Аналогичные рассуждения выявят подобную же асимметричность и в отношениях братьев с сестрами. Ген, находящийся в самке, будет содержаться в ее сестре с вероятностью 3/4, а в брате — с вероятностью 1/4. А вот ген, который находится в самце, оценит вероятность нахождения своей копии в сестре этого самца в 1/2, а не в 1/4, как это изначально следовало из гамильтоновского метода «фиктивных генов» или «условной диплоидности».
Думаю, можно согласиться с тем, что если бы Гамильтон при вычислении этих коэффициентов родства, вместо того чтобы рассуждать об индивидуумах, как о максимизирующих что-то факторах, воспользовался своим же мысленным экспериментом с «умным геном», он пришел бы к верному ответу с первого раза. Если бы это были простые ошибки в вычислениях, то обсуждать их после того, как на них указал сам автор, было бы явной придиркой. Но эти ошибки коренились не в неправильных расчетах, в их основе лежало чрезвычайно поучительное концептуальное заблуждение. То же самое касается и упомянутых выше «Недопониманий родственного отбора».
В этой главе я попытался показать, что использование термина «приспособленность» в качестве формализованного понятия сбивает с толку. Оно сбивает с толку, потому что приводит к признанным ошибкам, как это было у Гамильтона в случае с первоначальными расчетами коэффициентов родства при гаплодиплоидии и как это было с некоторыми из моих «12 недопониманий родственного отбора». Оно сбивает с толку, потому что может привести философов к мысли, будто вся теория естественного отбора — это тавтология. И, наконец, оно сбивает с толку даже биологов, поскольку термин «приспособленность» использовался как минимум в пяти разных значениях, почти каждое из которых, случалось, путали по крайней мере с одним из четырех других.

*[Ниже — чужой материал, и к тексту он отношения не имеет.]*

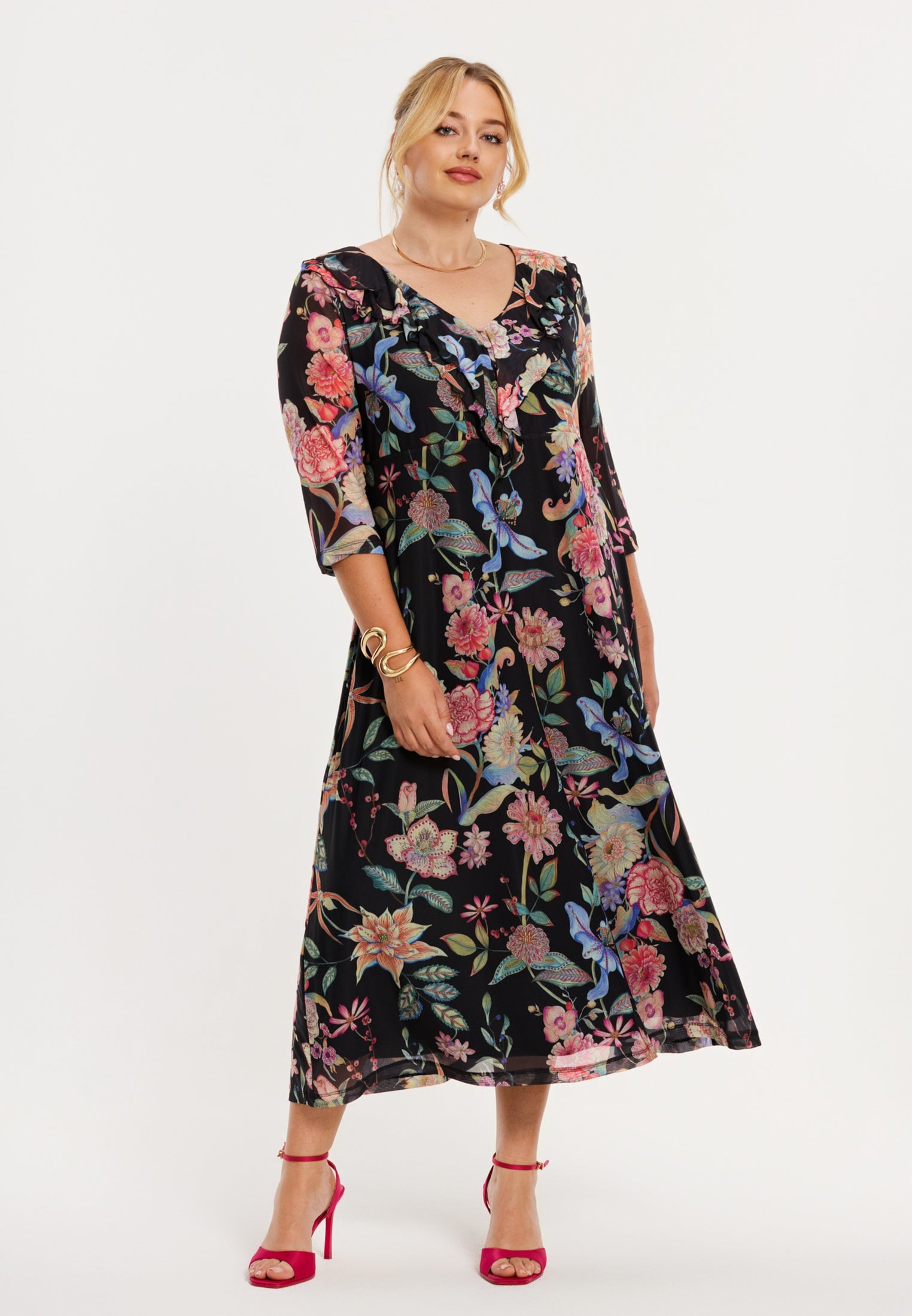 • Design - All-over bloemen dessin en ruches langs de halslijn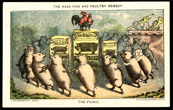Dancing hogs circle the remedy while band plays and roosters serenade.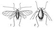 Гороховая тля: 1 — крылатая самка; 2 — бескрылая самка.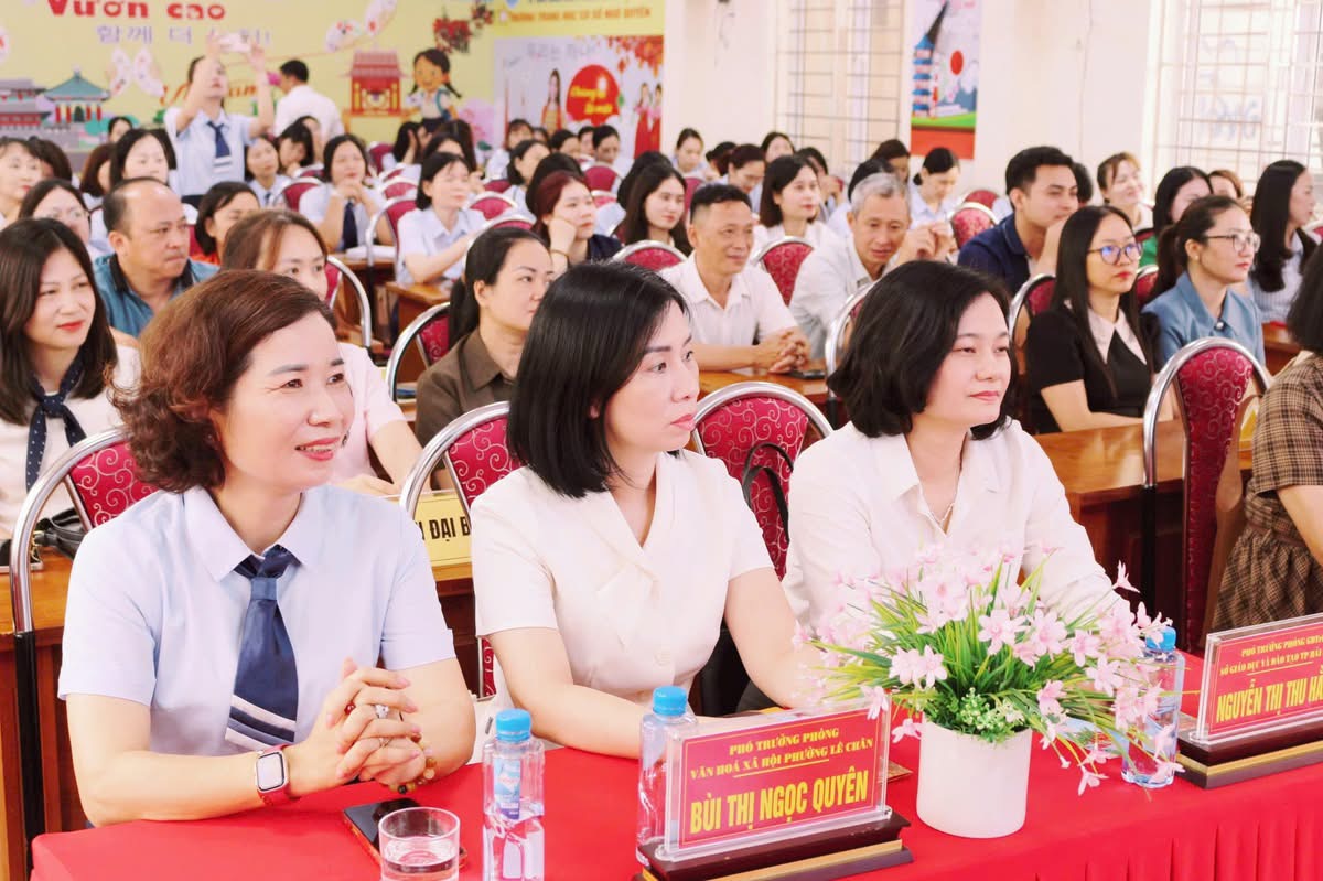 Dự chuyên đề có các đồng chí: Nguyễn Thị Thu Hằng - Phó Trưởng phòng THCS, Sở GD & ĐT; Bùi Thị Ngọc Quyên - Phó Trưởng phòng Văn hóa - Xã hội phường; Trần Thị Kim Xuyến - Bí thư Chi bộ, Hiệu Trưởng Trường THCS Ngô Quyền; đại diện chuyên viên các bộ môn Toán, Ngữ văn, Tiếng Anh thuộc Sở; cùng tập thể giáo viên, học sinh các đơn vị liên quan tham gia chuyên đề.

Эмерсон, как мы видели, перепутал приспособленность [3] с приспособленностью [1]. А сейчас я приведу пример того, как приспособленность[3] была перепутана с приспособленностью[2]. Уилсон снабдил свою книгу (Wilson, 1975) полезным словарем необходимых социобиологам терминов. Там статьей «Приспособленность» он отсылает нас к «Генетической приспособленности». Мы обращаемся к «Генетической приспособленности» и находим там следующее определение: «Вклад одного генотипа в следующее поколение популяции, вычисленный относительно вкладов других генотипов». Очевидно, что понятие «приспособленность» используется здесь в значении, используемом в популяционной генетике, — в значении приспособленности [2]. Однако если затем мы поищем в том же словаре «совокупную приспособленность», то найдем вот что: «Сумма собственной приспособленности индивидуума и его влияния на приспособленность всех его родственников, кроме прямых потомков…» Здесь «собственная приспособленность индивидуума» — это, должно быть, «классическая» приспособленность [3] (раз о ней говорится применительно к индивидууму), а не приспособленность генотипа (приспособленность[2] — единственная «приспособленность», которой дано определение в этом словаре). Следовательно, словарь неполный, и явно по причине того, что были перепутаны приспособленность генотипа в определенном локусе (приспособленность[2]) и репродуктивный успех особи (приспособленность[3]).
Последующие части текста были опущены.